After learning of Tesla’s death, the FBI ordered the U.S. Office of Alien Property to seize all of the inventor’s belongings. His entire estate from the Hotel New Yorker and other New York City hotels, was transported to the Manhattan Storage and Warehouse Company, where it remained classified. Much of this classified material has since gone to the Nikola Tesla Museum in Belgrade, Serbia. However, some of Tesla’s papers remain classified by the U.S. government.
While Tesla may have been forgotten, or not mentioned, by Obama, he has inspired movies, musicals, clothing, food—I recently picked up a case of Nikola Tesla experiments at a local bookstore—and a line of automobiles by the renowned modern-day innovator Elon Musk. A few years ago, the Tesla Science Center unveiled a statue of him at Wardenclyffe, a former Tesla laboratory located on Long Island.
Perhaps most exciting, I recently learned that David Bowie played Nikola Tesla in the 2006 film The Prestige.
“It’s not right to say that Bowie was perfect for the role,” reads an Indiewire article about the film, “but he was singular as Tesla, inescapably imbuing the role with everything we know and don’t know and can’t comprehend about Bowie himself. An enigma portraying an enigma.”
It seems a fitting ending. Although there are many Tesla fans who still don’t believe there has been a true ending for the inventor. There is chatter on the internet that Tesla may have been reincarnated as at least two different people.

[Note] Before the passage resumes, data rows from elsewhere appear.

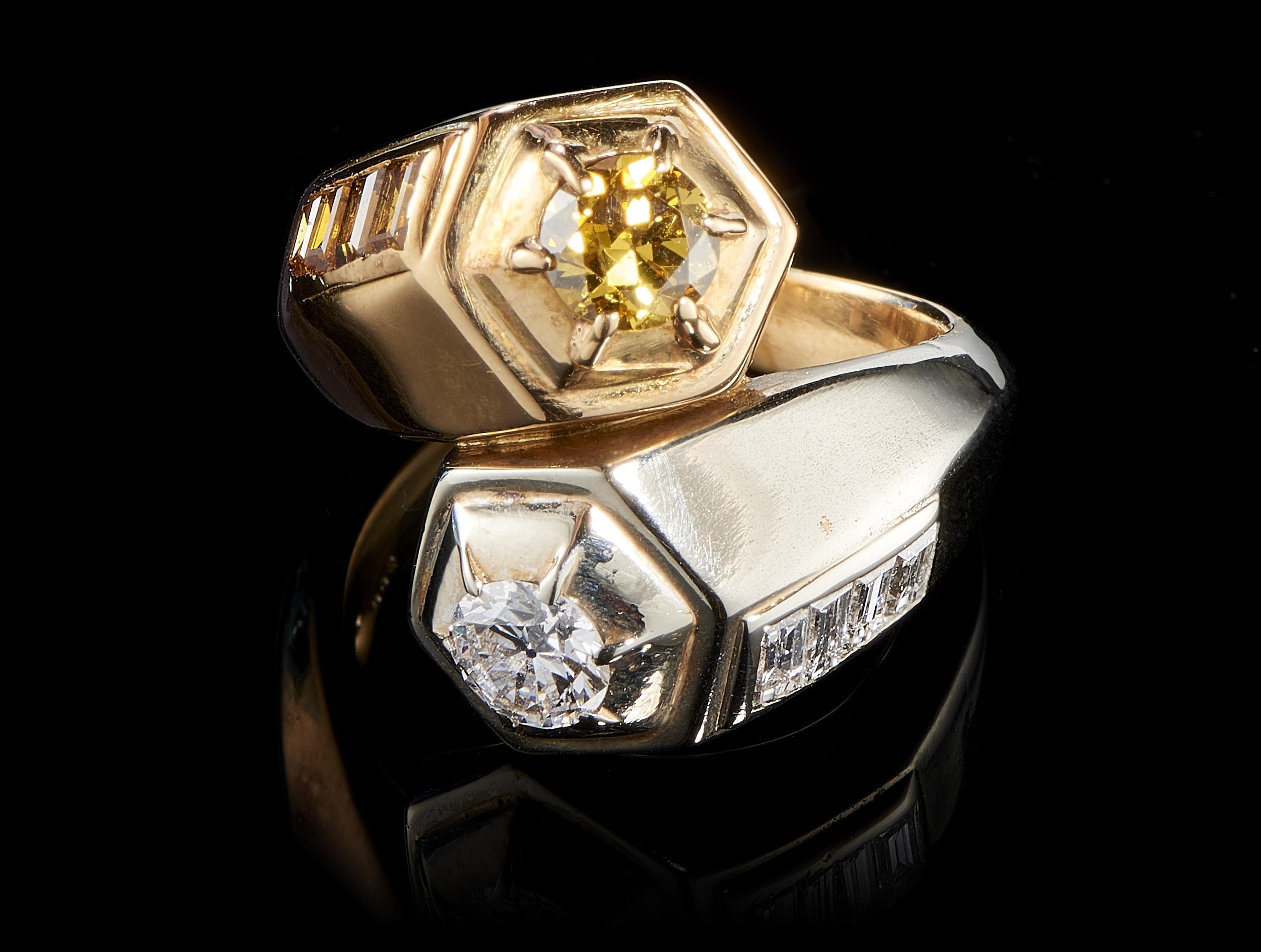 1089. Bague toi et moi sertie d'un diamant et d'un diamant jaune taille ancienne (tot. env. 1 ct) épaulés chacun d'une rangée de diamants et de diamants jaunes
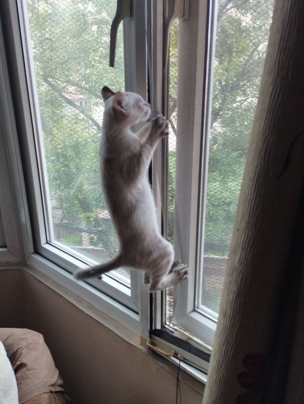 Через неделю после "выписки" он ещё разок умудрился отодвинуть москитку и скипнуть с четвертого этажа. Но без серьезных последствий. Найден садовником и возвращен на базу.
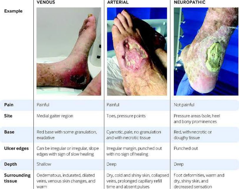 A thorough clinical examination of the ulcer can point out to its etiology. The following table highlights some basic differences in the 3 main types of ulcers encountered in our clinical practice.
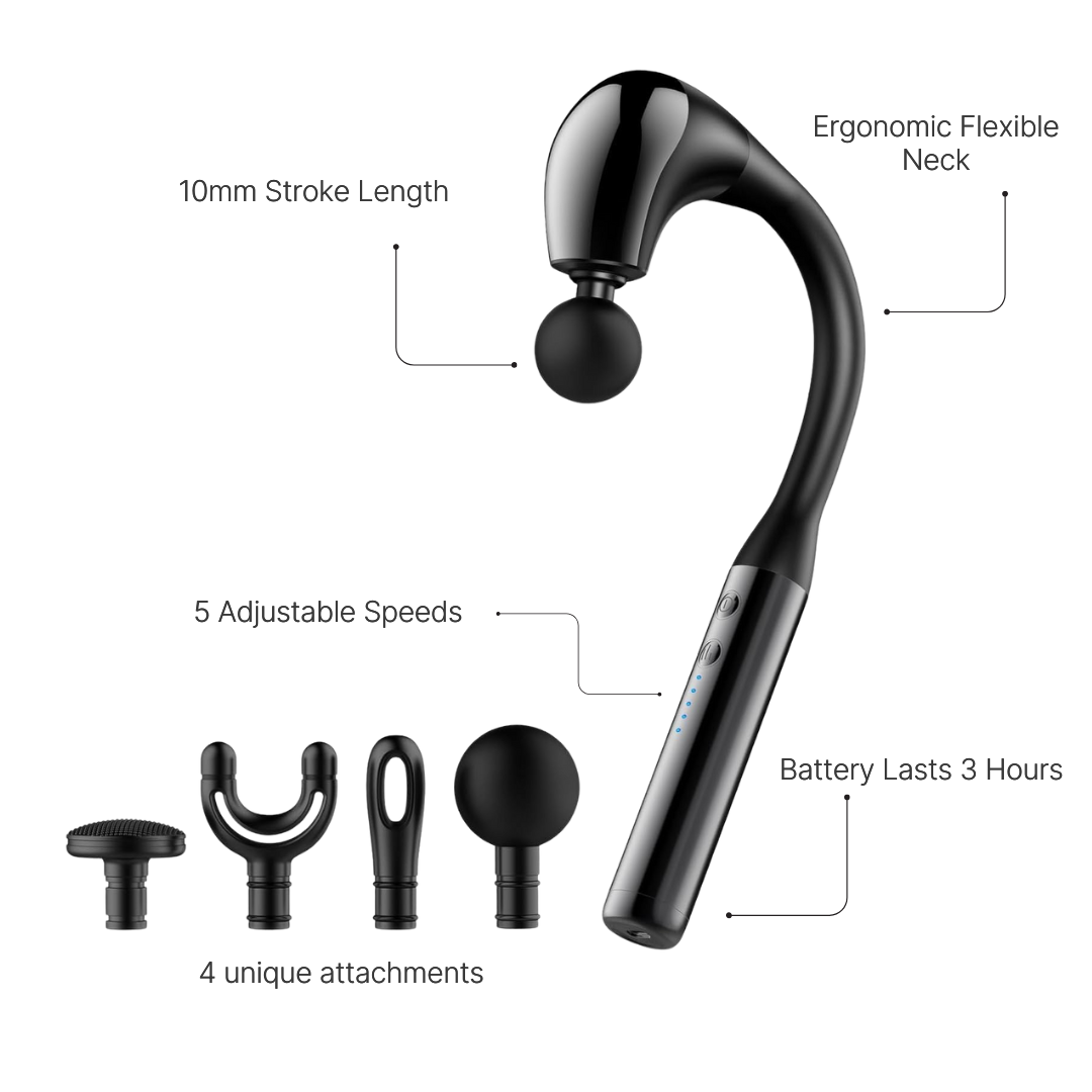 Percussive therapy increases blood flow and decreases tension deep within the muscle, using a scientifically-calibrated combination of speed and depth to treat your muscles comfortably by overriding the pain signals sent to the brain.
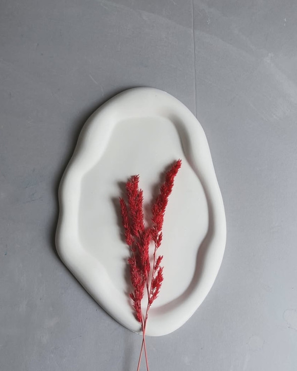 «اولش فقط یه یه دایرکت بود نوشت: میخوام یه سینی داشته باشم، اما نه معمولی… یه چیزی که انگار خودش یه قصهست! با خودم گفتم، چرا که نه؟ شکل گرفت… نه صاف، نه قرینه… درست مثل لحظههایی از زندگی که نظم نمیخوان، فقط باید واقعی باشن. نتیجه؟ یه سینی که شبیه هیچکدوم نیست، اما دقیقاً همونه که باید باشه… دفرمه، اما دلبر!» سفارش در رنگهای مختلف پذیرفته میشود.

“The most prominent incarnation of Tesla,” explains a post with the Institute for the Integration of Science, Intuition, and Spirit, “is Saul Perlmutter, an astrophysicist who won the 2011 Nobel Prize for providing evidence that the expansion of the universe is accelerating.”
However, a more popular theory holds that Tesla was reincarnated as Patrick Flanagan, a new-age author and inventor who was born just over a year after Tesla died.
And then, of course, there is Bowie himself, who was born just four years after Tesla died. This, to me, seems much more likely, and exciting.